コロナ禍後のEMO Hannoverは工作機械の接続性など焦点、現地会見に各国報道陣参加EMOハノーバー 2023(1/2 ページ)

VDW(ドイツ工作機械工業会)は2023年9月に開かれる国際金属加工見本市「EMO Hannover 2023」に向けた記者会見をフランクフルトで開催した。

» 2023年07月10日 07時30分 公開
[長沢正博MONOist]
100年以上前に建てられた工場を再利用したクラシックカーの展示施設「Klassikstadt」が会場となった

 VDW(ドイツ工作機械工業会)は2023年7月5日、同年9月に開かれる国際金属加工見本市「EMO Hannover 2023」(2023年9月18〜23日、ハノーバー国際見本市場)に向けた記者会見をフランクフルトで開催した。

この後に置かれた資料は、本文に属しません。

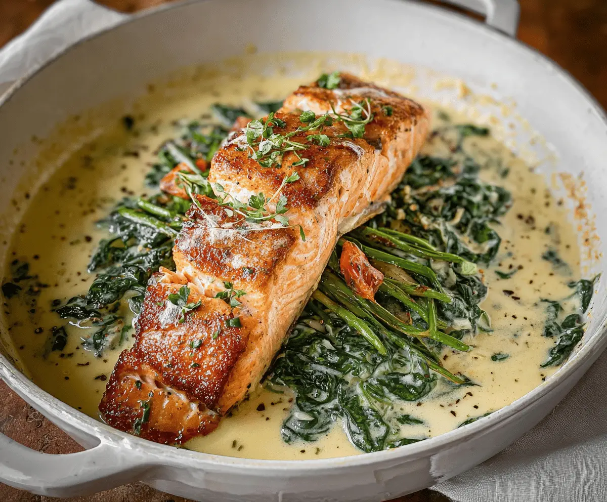 This Salmon Florentine is a delightful dish featuring tender salmon atop a bed of spinach, all smothered in a creamy garlic sauce. It’s rich, tasty, and perfect for impressing guests!
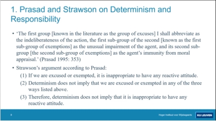 然而,普拉萨德认为斯特劳森的论证是无效的:普拉萨德拒绝接受命题(5),他认为决定论并不需要通过满足斯特劳森列出的两个条件才能使我们无法恰当地应用“反应性态度”;恰恰相反,决定论本身就足以使得“反应性态度”无效。为了说明这一点,普拉萨德做了一个形象的类比——如果一颗子弹可以直接了结目标,那么它就无需瞄准目标旁边的炸弹。如果普拉萨德的批判成立,那么斯特劳森就应该“选择直接的道路”:他需要直截了当地论证为什么决定论与人们彼此之间需要承担道
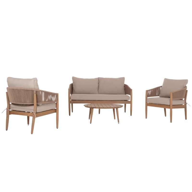 Градински комплект от 4 Частиkanu Hm6416 акациево дърво-метална рамка-въже - бежов

 EMOはドイツのハノーバーとイタリアのミラノで交互に開催される金属加工などを中心とした国際的な展示会だ。前回、ハノーバーで開かれた2019年は日本をはじめ47カ国から2211社が出展し、期間中に11万6706人が来場した。イタリアのミラノでまだコロナ禍も明けきらぬ2021年に開催された時も約700社が出展、91カ国から約6万人が来場したという。EMO Hannover 2023には2023年7月4日時点でドイツをはじめ42カ国から既に1713社が出展を登録し、日本企業も70社が出展予定だ。

来場者と出展企業がテーマを持ち寄り会場で対話を

VDWのDr. ヴィルフリート・シェーファー氏[クリックで拡大]

 VDW エグゼクティブディレクターのDr. ヴィルフリート・シェーファー(Wilfried Schafer)氏は「出展者だけでなく来場者もぜひ新たなテーマを会場に持ち寄り、互いに対話してほしい。早い段階で情報を収集し、未来を見据えた投資計画を作り、判断していただきたい。EMOはバリューチェーンを全て網羅しており、さまざまなメーカーの機械、設備を比較することで、トレンドをつかみ、投資判断の基準にすることができる」と呼びかける。

 例年はハノーバーで行っていた事前記者会見をフランクフルトで今回開催した理由としては、フランクフルトは外国の報道陣が直行便で来やすいことなどを挙げた。

 VDW エグゼクティブディレクターのマルクス・へーリング(Markus Heering)氏も「EMOはイノベーションプラットフォームだ。この場に集うことで、国際競争における存在感を示すことができる。国際的なネットワーキングも可能になり、さまざまなメーカーと知見を共有できる。ステークホルダーと将来の可能性について議論し、立ち位置を見つけることが大切だ」と話す。

VDWのDr. マルクス・へーリング氏[クリックで拡大]

 DX(デジタルトランスフォーメーション)だけでなく、コネクティビティやサステナビリティもモノづくりの現場における大きなトレンドになりつつある。

 ゲーリング氏はDXに関して「デジタル化によって新たなビジネスモデルが生まれる。さらに企業は国際的になり、職場や働き方が変わる。ドイツだけではなく世界中で技術者の確保が難しくなっている。デジタル化を通して職場を変えることで、より長く働きやすい現場を作ることもトピックだ」と強調する。

 シェーファー氏はサステナビリティについて「欧州ではさまざまな規制が存在するが、規制には報告義務が生じる。欧州だけだなく世界中でサステナビリティの重要性が高まっている。サステナビリティに関するデータを集め、提出しなければならなくなる。出展社、来場者にとって重要なトピックであり、製造現場にとってどういう意味を持つのか考える必要がある」と述べる。

VDWのシェーファー氏(左端)とへーリング氏(右端)[クリックで拡大]

 50社ほどのスタートアップ企業の出展も見込まれている。「若い企業に参画してもらうことはその産業にとって非常に重要だ。新しいビジネスモデルが生まれ、産業が活性化し、発展していく。歴史ある企業にとっても、スタートアップ企業にとっても双方に学びのある、非常に有益な機会となる」(へーリング氏)。

 シェーファー氏は「モノづくりから若者が離れていっている」と指摘。6000人の学生を会場に招き、モノづくり現場で働く魅力を伝えるとしている。